US Target boss quits

 

TargetTarget’s CEO Gregg Steinhafel is stepping down, nearly five months after hackers stole data on potentially more than 100 million customers.

Steinhafel, CEO of the US retail giant since 2008, will resign immediately as CEO and chairman of the board.

Chief financial officer John Mulligan has been appointed interim CEO, the company said.

“After extensive discussions, the board and Gregg Steinhafel have decided that now is the right time for new leadership at Target,” the company said in a statement on Monday.

In December Target, the third largest US retailer in 2012 with total sales of $US73.3 billion ($A79.3 billion), disclosed that hackers successfully infiltrated the company’s information systems, obtaining credit card data for some 40 million customers.

In January the company revealed that the hackers stole an additional trove of data with personal information such as home and email addresses for up to 70 million customers.

The data breach, one of the biggest in retail history, hit sales during the critical holiday shopping period and spurred congressional hearings on the vulnerability of customer information in an era of increasingly sophisticated hacking efforts.

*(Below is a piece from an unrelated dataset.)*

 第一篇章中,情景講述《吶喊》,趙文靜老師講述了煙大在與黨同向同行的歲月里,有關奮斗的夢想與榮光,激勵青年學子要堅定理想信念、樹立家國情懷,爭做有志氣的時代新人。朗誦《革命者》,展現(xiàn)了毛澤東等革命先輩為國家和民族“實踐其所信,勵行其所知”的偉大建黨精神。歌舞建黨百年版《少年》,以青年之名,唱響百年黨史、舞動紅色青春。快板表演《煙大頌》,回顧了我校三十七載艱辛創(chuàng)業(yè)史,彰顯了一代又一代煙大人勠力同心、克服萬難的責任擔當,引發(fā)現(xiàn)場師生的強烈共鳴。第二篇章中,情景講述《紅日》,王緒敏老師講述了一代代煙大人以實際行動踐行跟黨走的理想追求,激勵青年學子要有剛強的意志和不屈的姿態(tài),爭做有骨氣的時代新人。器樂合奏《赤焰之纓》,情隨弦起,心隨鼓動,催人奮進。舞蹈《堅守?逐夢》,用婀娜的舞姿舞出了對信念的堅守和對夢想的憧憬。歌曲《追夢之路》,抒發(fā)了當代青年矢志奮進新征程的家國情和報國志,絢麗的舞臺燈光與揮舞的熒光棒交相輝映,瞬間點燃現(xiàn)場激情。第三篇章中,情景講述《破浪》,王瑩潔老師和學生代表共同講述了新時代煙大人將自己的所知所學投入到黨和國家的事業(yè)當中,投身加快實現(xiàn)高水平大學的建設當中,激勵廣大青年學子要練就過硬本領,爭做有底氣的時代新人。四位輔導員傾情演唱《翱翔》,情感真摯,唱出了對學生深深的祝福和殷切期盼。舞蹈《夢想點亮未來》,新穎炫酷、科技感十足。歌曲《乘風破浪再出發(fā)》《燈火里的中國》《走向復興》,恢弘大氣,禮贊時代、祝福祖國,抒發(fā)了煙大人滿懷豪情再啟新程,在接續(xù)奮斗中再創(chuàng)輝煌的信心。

Sales fell 6.6 per cent across the company’s nearly 1800 stores in the US in the fiscal fourth quarter, covering the three months to February 1 2014, hurt by both the data loss and heavy discounting during the holiday season. Sales fell 0.9 per cent for the full year.

In the wake of the breach Steinhafel quickly moved to shore up customer confidence, green lighting plans to provide free credit monitoring and identity theft insurance to shoppers.

“Gregg led the response to Target’s 2013 data breach. He held himself personally accountable and pledged that Target would emerge a better company,” the company said.